By James Slater - 08/26/2025 - Comments

Boxing Under Threat In Japan Due To Recent Ring Tragedies: “If We Don’t Improve Things, The Sport Won’t Be Able To Continue”

t’s more than a touch tragically ironic that, as great as the sport of boxing is doing right now in Japan, how much it’s flourishing – with lower-weight stars such as Naoya Inoue, Junto Nakatani, Yoshiki Takei and others holding world titles and also giving us superb action – its very existence is under threat.

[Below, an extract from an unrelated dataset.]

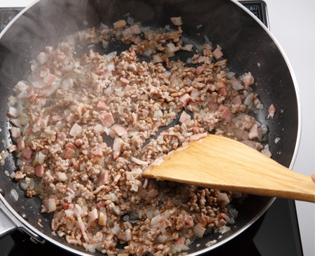 玉ねぎがしんなりしてきたら、無塩バター、豚挽き肉、「材料C」の順に加えさらに炒める。

Due to the recent ring tragedies that saw two young fighters who fought on the same August 2 card die following the suffering of head injuries, these being Shigetoshi Kotari and Hiromasa Urakawa, the Secretary-General of the Japan Boxing Commission, Tsuyoshi Yasukochi, has said the sport “won’t be able to continue if we don’t improve things.”

Yasukochi Sounds Alarm After Deaths of Kotari and Urakawa

The Secretary-General, who is quoted here by The Japan Times, is looking at ways in which to help make the sport safer. These new measures could include urine tests to measure dehydration, along with stricter rules on fighter’s weight loss, especially rapid weight loss.

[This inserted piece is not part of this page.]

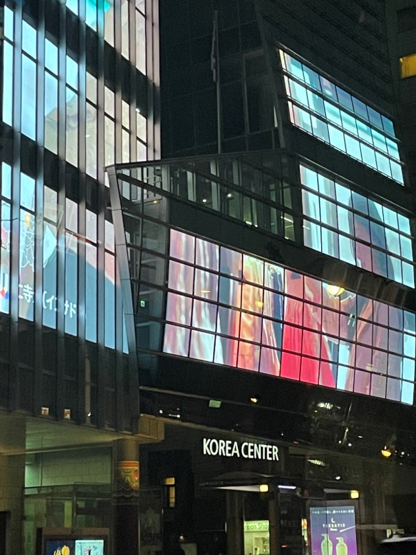 毎日のように、通勤で新宿区四谷にあるKorean Centerの前を通ります。長らくの日韓関係のせいでしょうか、夕方以降も、ビル全体に明かりがついていることはほとんどありませんでした・・・そのような印象が強かったのですが、先週の尹錫悦(ユン・ソンニョル)韓国大統領夫妻の訪日の前後には、夕方、ビルの壁面を彩る映像がありました。

“If the people involved in the sport can’t improve things, we’ll have to quit,” Yasukochi said. “I understand that we are at a crucial moment where a sport that has been around for 100 years could potentially disappear. I think everyone is working every day with that mindset. When a person dies, it has a big impact. If you don’t feel that, then you’re not qualified to be involved in boxing.”

Could Japanese Boxing Really Face a Ban?

It really would be a crying shame if boxing was banned in Japan, but as Yasukochi – clearly a man who cares – has said, things have to improve. Cutting weight at a fast rate is one of the most dangerous things a fighter can do, so if that issue could be ironed out it would be a great start. But unless all fighters agree and sign up for such an approach, where they agree to be monitored, this idea will fail. And in terms of money, how much would this, along with things like random drug testing and other vital things cost?

Superstar fighters like Inoue and one or two others would survive if boxing was outlawed in Japan, as they could box abroad. But that’s not the point. Japanese fighters have a real sense of pride when they fight before their countrymen and women, this on home soil. It would indeed be terrible if this honour was taken away from Japanese boxers.

The sport has of course come under pressure like this before, in numerous other countries, but the sport has thus far survived. Let’s hope it will be the same as far as the great country of Japan is concerned.